In the mining sector, where the challenges equally stem from external shocks as they are of nationally, about a thousand workers have been laid off.

Newmont Ghana laid off about 500 workers in 2014 as part of efforts to improve and ensure cost and operational efficiency at its Ahafo Mine. It had in 2013 laid off 240 workers “due to a fall in gold price on the world market and the rising cost of doing business in the last five years.”

In August 2014, AngloGold Ashanti slowed operations at its Obuasi mine by slashing its exploration budget to between US$150 and US$175 million from US$400 million - resulting in the laying off of hundreds of workers.

Goldfields in 2014 also laid off more than 500 employees and announced it would lay off 200 more in March this year in the economic status quo does not improve.

The domestic challenges aforementioned, together with a fall in gold prices on the world market, have had a telling effect on the industry.

Gold prices began 2014 trading at US$1,250 an ounce on the international market and peaked to an all-time high, within the period under review, of US$1,380 in March 2014. The commodity is currently trading at US$1,069.

In the manufacturing sector, Coca-Cola Bottling Company Limited laid off some 98 workers in March this year, from the total 250 it planned to retrench, due to the worsening effects of the current power crisis and the depreciation of the cedi.

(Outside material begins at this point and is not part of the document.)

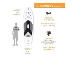 Stable and affordable, the Lifetime Horizon Stand-Up Paddleboard is perfect for beginning and intermediate paddlers. An integrated universal accessory mount lets you take a waterproof camera, speaker, or any other mountable accessory with you on the water. An EVA deck covering provides great foot traction. A center carry handle and rigid outer handles make for easy transport to the waterfront.

Beverage producing company, Blue Skies also threatened to lay off a thousand of its workers in April 2015 if nothing is done to improve the erratic power supply in the country. Cadbury Ghana Limited and Mantrac Ghana laid off 58 and 180 workers respectively for the same reasons.

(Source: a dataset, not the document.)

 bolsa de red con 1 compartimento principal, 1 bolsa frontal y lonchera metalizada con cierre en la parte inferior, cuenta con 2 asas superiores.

In the services sector, Novotel Hotel laid off 26 while the African Sun Hotel at Airport City totally folded up totally leaving hundreds of its workers jobless.

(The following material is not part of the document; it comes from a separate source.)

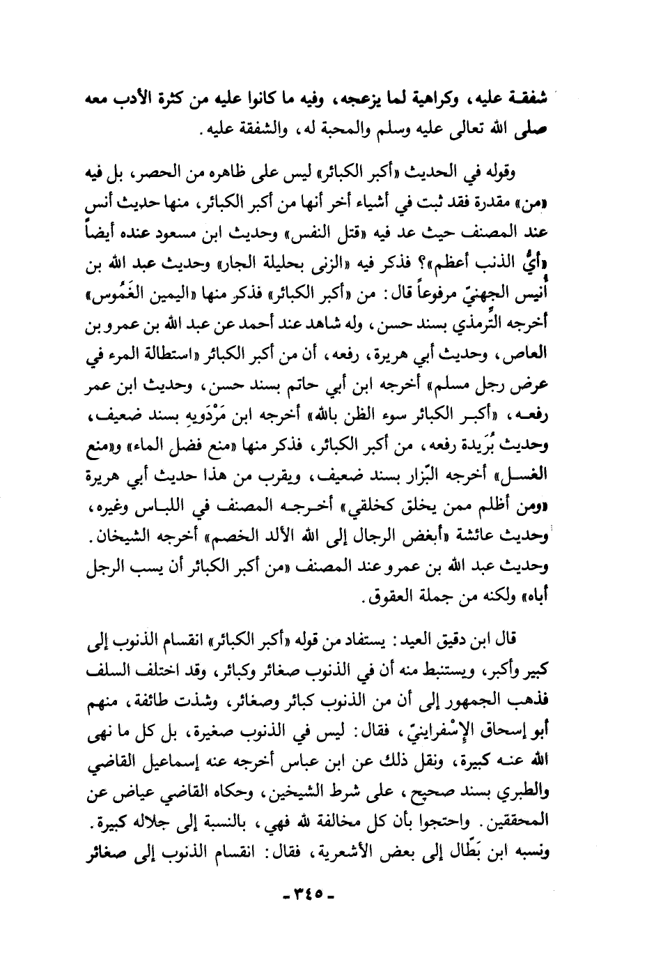 قال ابن دقيق العيد: يستفاد من قوله "أكبر الكبائر" انقسام الذنوب إلى كبير وأكبر، ويستنبط منه أن في الذنوب صغائر وكبائر، وقد اختلف السلف فذهب الجمهور إلى أن من الذنوب كبائر وصغائر، وشذت طائفة، منهم أبو إسحاق الإسْفراينيَّ، فقال: ليس في الذنوب صغيرة، بل كل ما نهى الله عنه كبيرة، ونقل ذلك عن ابن عباس أخرجه عنه إسماعيل القاضي والطبري بسند صحيح، على شرط الشيخين، وحكاه القاضي عياض عن المحققين. واحتجوا بأن كل مخالفة لله فهي، بالنسبة إلى جلاله كبيرة. ونسبه ابن بَطّال إلى بعض الأشعرية، فقال: انقسام الذنوب إلى صغائر

A shortage in power supply (deficit of 500MW) from the national grid, resulting in a load shedding exercise by the Electricity Company of Ghana (ECG), has crippled many businesses in its four-year run.

Access to credit and the cost of borrowing have been a major challenge for most businesses in the country. Many of the commercial banks lend at between 28 and 38 per cent per annum even though the central bank currently lends to them (commercial banks) at 26 per cent.

The cost of borrowing is said to rise further as the Bank of Ghana (BoG) continues to increase its policy rate in bid to tighten the country’s monetary policy stance. The BoG policy rate has been increased by 500 basis points in the past year from 21 percent to the current 26 percent.

The cedi has depreciated by about 60 percent against major trading currencies since the beginning of 2014. The currency began 2014 trading at GH¢2.3 to dollar but now trades at GH?3.8.

Utility prices are set to go up by a 100 per cent in 2016 further putting a strain on businesses. Even though inflation has remained relatively stable, cost of inputs has escalated drastically.

According to the GEA the private sector’s role as a key engine for economic development, and an important partner for sustainable and inclusive economic growth, is critical in reducing poverty, and as such should be taken serious.

Despite its contributions to the economy, the fundamental questions regarding how the country’s private sector was being developed to actually boost economic growth and reduce poverty remains unanswered.